Ou seja: que burra, não?
Bom, Luis, então foi isso mesmo que entendi??? Que falta do que fazer…
Bom saber que os trocadilhos ainda são infames, restam algumas áreas de sombra na paisagem extremamente iluminada da intelectualidade contemporânea.
Caramba, o caso está ficando mais engraçado do que eu podia imaginar.
Entrem na página do Milton Ribeiro e acessem o link “Leticia Wierzchowski processa este blog (III) – Algumas opiniões equilibradas”
(Bom, para ir mais rápido, a página é esta: http://miltonribeiro.opsblog.org/2009/06/10/leticia-wierzchowski-processa-este-blog-iii-algum-equilibrio/ )
Na parte dos comentários há um texto da escritora Leticia Wierzchowski, mas enviado por meio de um tal de “marcos nunes” (“marcos nunes” é um hiperlink que leva ao blog de Rachel Nunes, vai-se entender esse troço de blogs…)
Bom, o fato é que o comentário da autora de A Casa das Sete Mulheres, se for ela mesma a autora do texto, fala fala por si. Ela podia ter parado no terceiro parágrafo e voltado no fim, mas, fazer o quê, né?
Bem explicado é o texto de Marcelo Backes, publicado no Biscoito Fino… Vale a leitura.
http://www.idelberavelar.com/archives/2009/06/leticia_wierzchowski_a_casa_das_sete_leticias_por_marcelo_backes.php
Então é isso aí, ninguém escreve mais nada. E todo mundo fecha a boca. Assim, o país pode funcionar em sua mais perfeita ordem, certo? Façam-me o favor…

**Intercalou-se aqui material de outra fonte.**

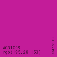 Цвет #C31C99 в цветовой модели RGB обозначается тремя октетами (195, 28, 153) в десятичном формате и #C31C99 в шестнадцатиричном (hex) формате, которые являются интенсивностью красного 195 (hex C3), интенсивность зелёного 28 (hex 1C) и интенсивность синего 153 (hex 99).
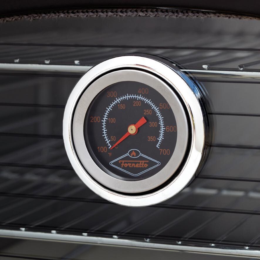 Created with the home chef in mind, Fornetto ovens provide an exceptional outdoor cooking experience with practical features and attractive design. The Alto outdoor oven is built using premium materials and finishes, the stainless steel oven exterior is finished with a durable powder coating in black, complimented by gloss enamel-finished cast-iron oven chamber and fire box doors in brick red. Roomy enough to fit a family roast, the 16.15 gallon capacity oven chamber measures 18.7 by 15.8-inches and features a 9-position adjustable shelf system. Control the flow of air and smoke to infuse foods with authentic smoky flavor using 3 heat-proof airflow valves and an adjustable damper handle, all featuring a cool-touch phenolic-finish. Smoking chips and aromatic woods can be added to the removable door-mounted smoker box, designed to allow smoke to flow directly from the fire box to the oven chamber. A temperature gauge built into the glass oven window provides a practical way to accurately monitor cooking temperatures, while electric halogen oven lighting lets you keep an eye on food without opening the door. Keep food warm without overcooking, warm up serving plates and platters or even proof doughs using the smooth-rolling warming drawer, fit with its own temperature gauge. The chimney flue and cowl were designed with a standard 5.9-inch diameter and can easily be extended for custom outdoor kitchen installations. The Fornetto Alto includes an all-weather cover, wire pizza stone rack, 2 wire racks, 3 fire bricks, a pizza stone, a fire box wood rack and ash tray. Some assembly is required.

Com tanta pirataria e scanners espalhados pelo mundo, acho que os autores devem realmente processar até o vizinho por pedir seus livros emprestados e não devolver. Essa coisa de malandro embarcar na obra dos autores consagrados não é coisa nova. Mas vamos lá, o que existe de novo a ser escrito? Se propriedade intelectual realmente valesse, teríamos de declarar sua quantidade e tamanho no Imposto de Renda!